Unlike in the case of nuclear waste – there are no proper plans on how to deal with the waste stemming from the production of solar panels and wind turbines. This is expected to hit 78 million metric tonnes by 2050. Solar panels have been estimated to create 300 times more toxic waste per unit of energy than nuclear energy. In countries like China, India and Ghana, this toxic waste is often burned, in order to salvage the valuable copper wires for resale. The resulting toxic fumes are known to cause cancer and birth defects.

In its climate policies, the EU has been consistently promoting the described technologies, while nuclear energy, despite its very low level of C02 emissions, has been on the defensive at the EU level.

The EU’s support for diesel and biofuels has already been revised and given the abundant evidence, it’s not excluded that in a number of years, also the policy choices to support biomass, wind and solar energy, as well as electric cars may be seen as grave errors, from the perspective of protecting the environment.

At the heart of the problem is that the EU has opted for imposing a fixed EU target for a certain technology to reduce CO2 emissions, in this case “renewable” energy, whereby defining what this amounts to isn’t very obvious. This has forced EU member states into expensive and unworkable policies and it has caused cheaper methods of reducing CO2 emission to be ignored.

Furthermore, the 2015 Paris Climate Agreement, to which the EU signed up, foresees that the world’s developed countries provide developing countries with at least $100 billion a year until 2025, so to “ease the transition”. Also within the EU, a similar arrangement is being planned, in the form of a so-called “Just Transition Fund”, which would contain up to €35 billion euro, to support poorer member states like Poland, which is still heavily reliant on fossil fuels.
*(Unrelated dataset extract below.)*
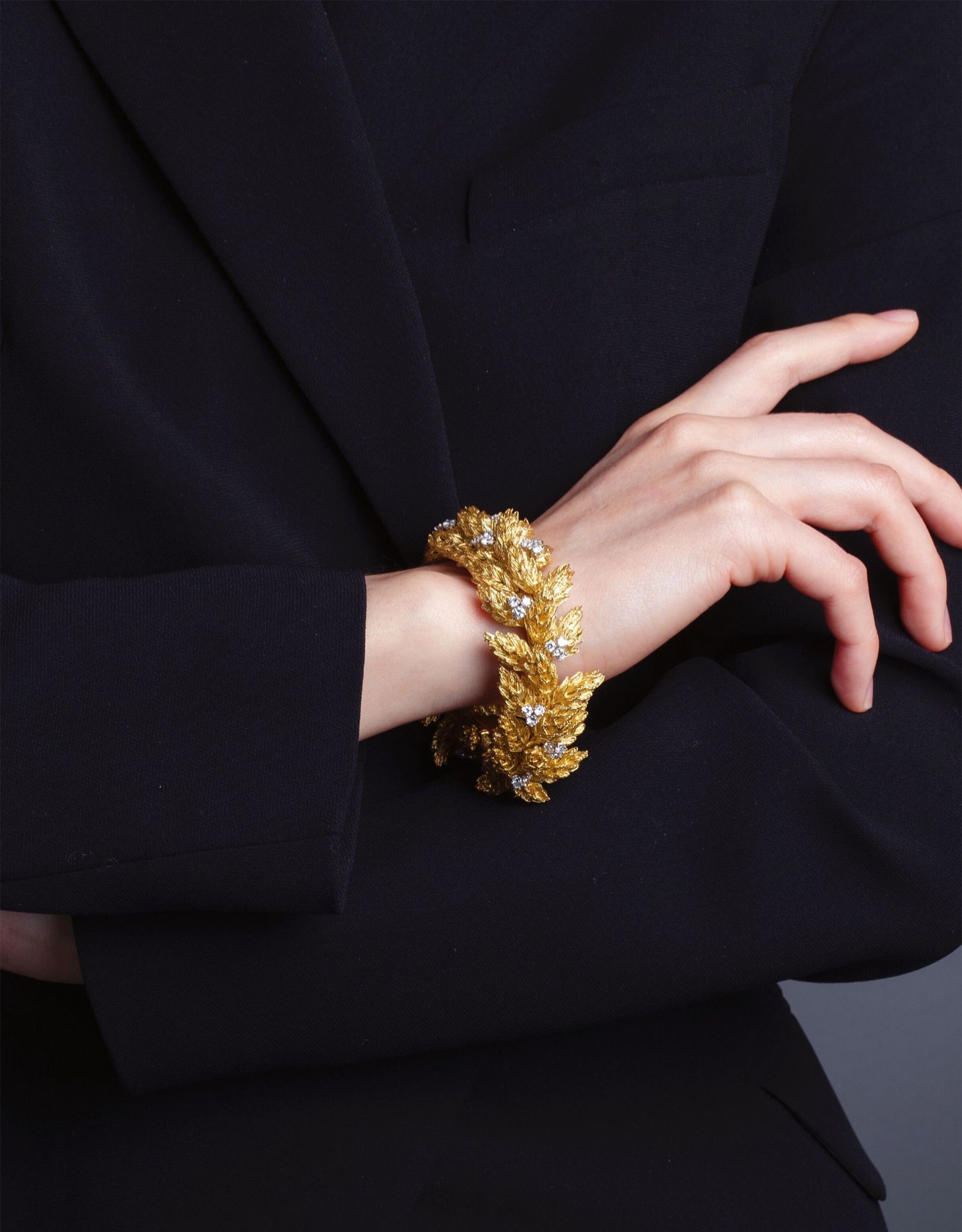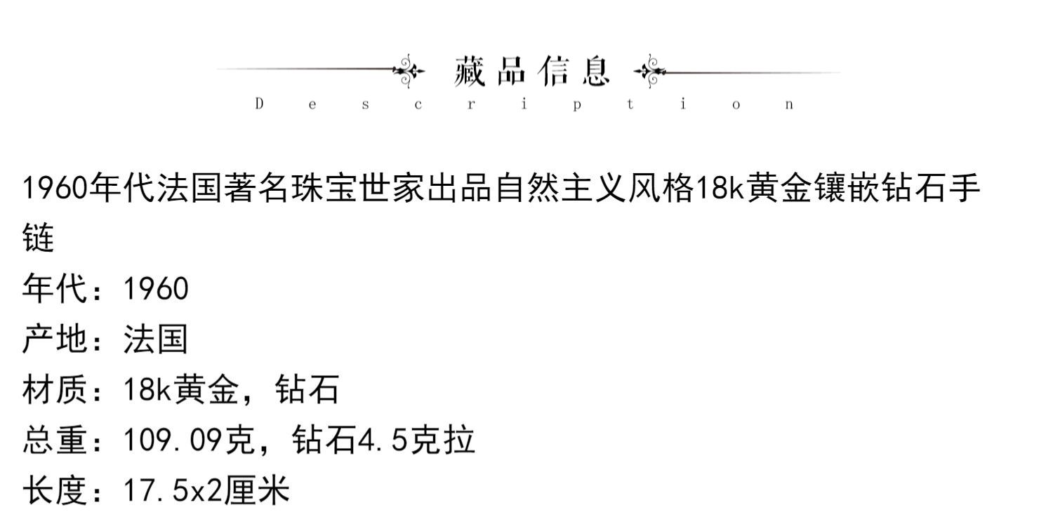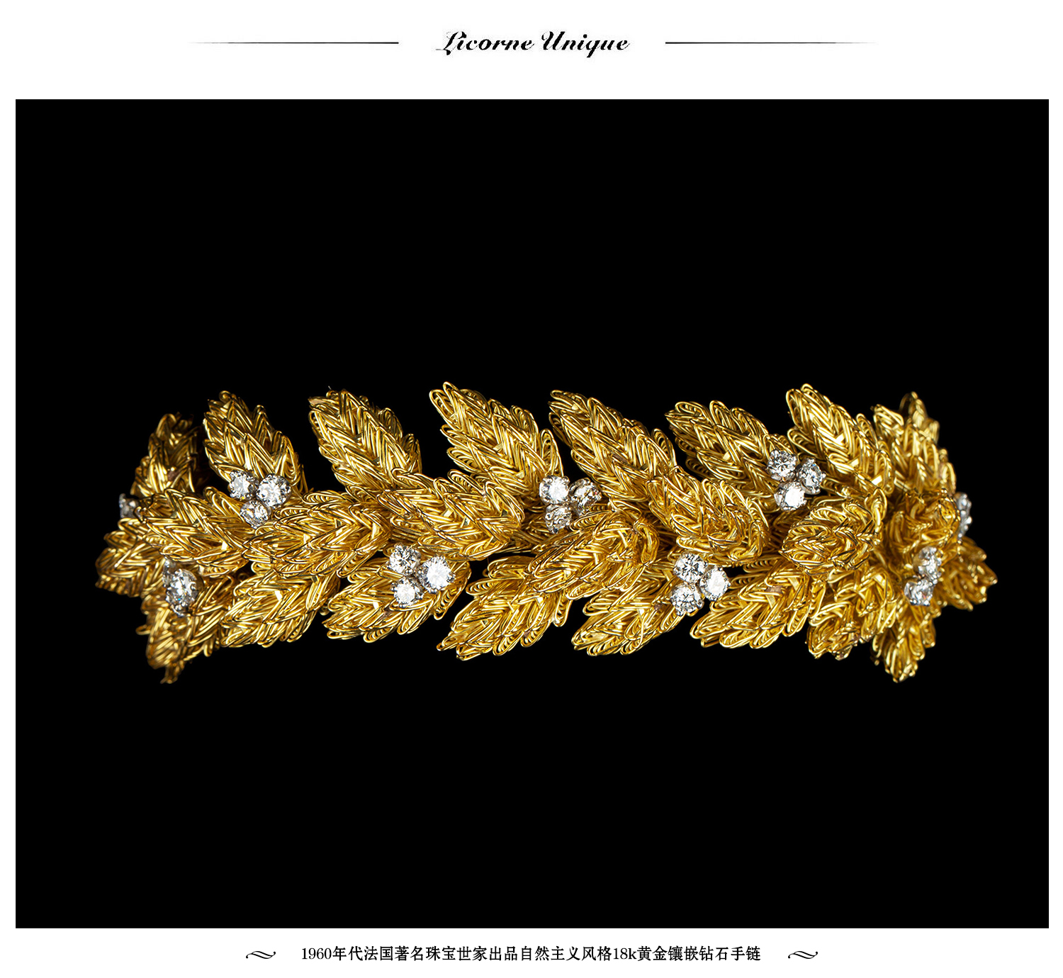 独角鹿西洋古董首饰著名珠宝世家自然主义18k黄金镶钻石手链手镯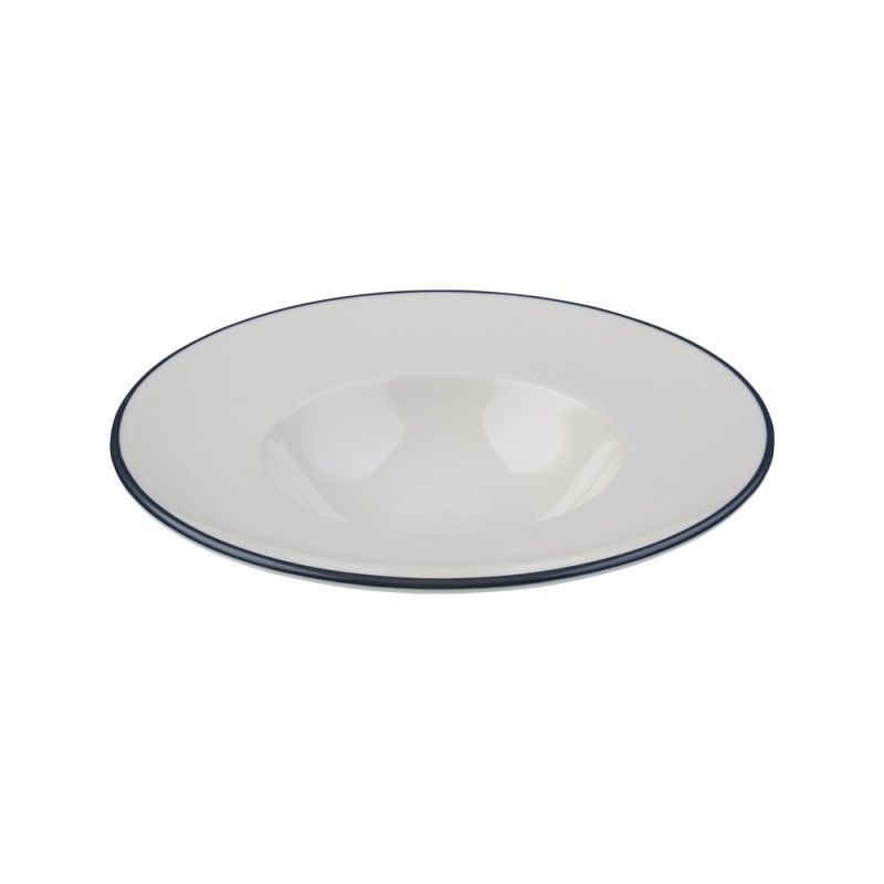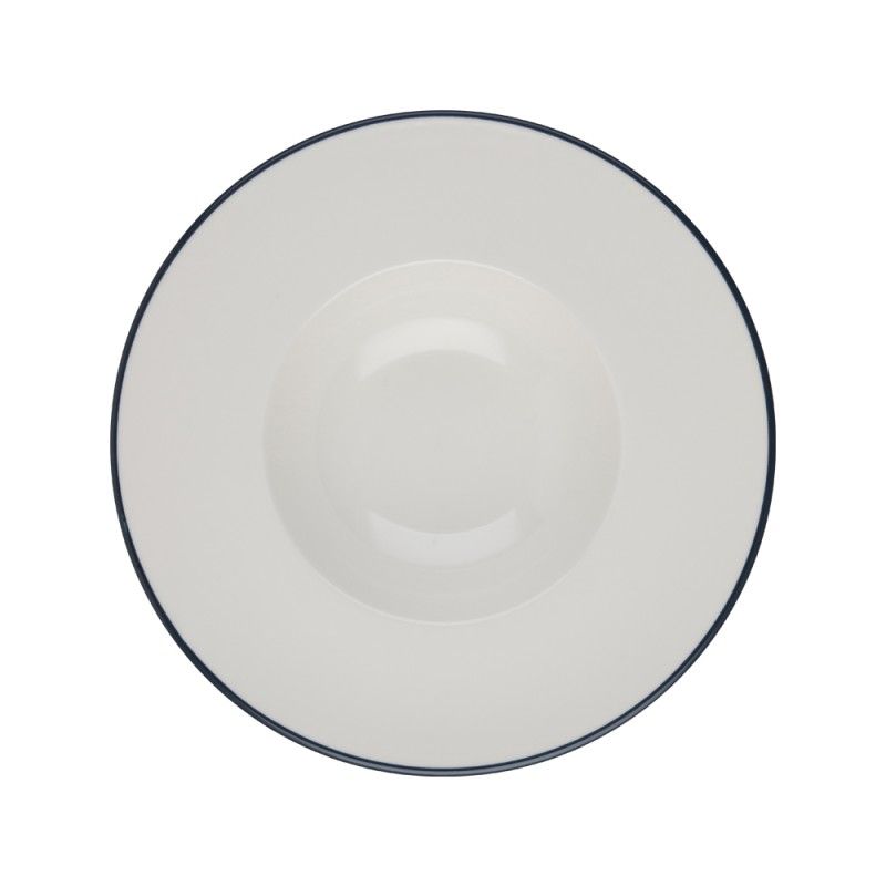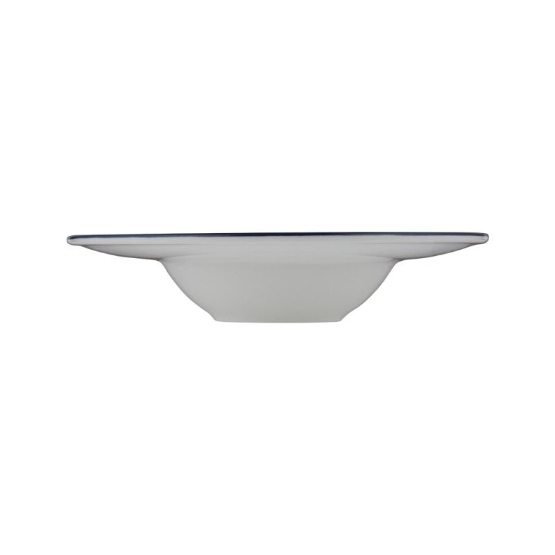 Глубокая фарфоровая тарелка 29см, объём 460мл — подходит для подачи пасты, салата и десерта. Тарелка белая с синим кантом, она выполнена из профессионального ресторанного фарфора от бренда ID Fine. Отличается прочностью и лёгко штабелируется. Практичное и стильное решение для кафе, ресторанов и гостиниц. Входит в базовую коллекцию Modest. Пожизненная гарантия от сколов.

The track record of these kinds of support schemes is not exactly inspiring confidence: A study published in Nature in 2015, concluded that due to weak environmental oversight of the UN’s 1997 carbon credit scheme, there were “perverse incentives” for some industrial plants in Russia to increase emissions, so they could then be paid to reduce them. In other words: financially rewarding those that are lagging behind has proven to be a tricky strategy. Yet, the EU is enthusiastically doubling down on this, ignoring the lessons of the past.

Last but not least, in its climate policies, the EU is not above handing out EU subsidies to fossil fuels or withholding embarrassing reports on its own policies from publication until after the European Parliament elections.


In its brand-new plans for a “European green deal”, the EU Commission is pushing for more regulation, more spending, more taxes, more protectionism, more top-down control and picking winners in a complex technological environment. All of these approaches were applied by the EU in the past and they often harmed the environment. The question is whether an organization with such a questionable track record when it comes to protecting the environment should be trusted when it comes up with new grand policy schemes which basically amount to “more of the same”.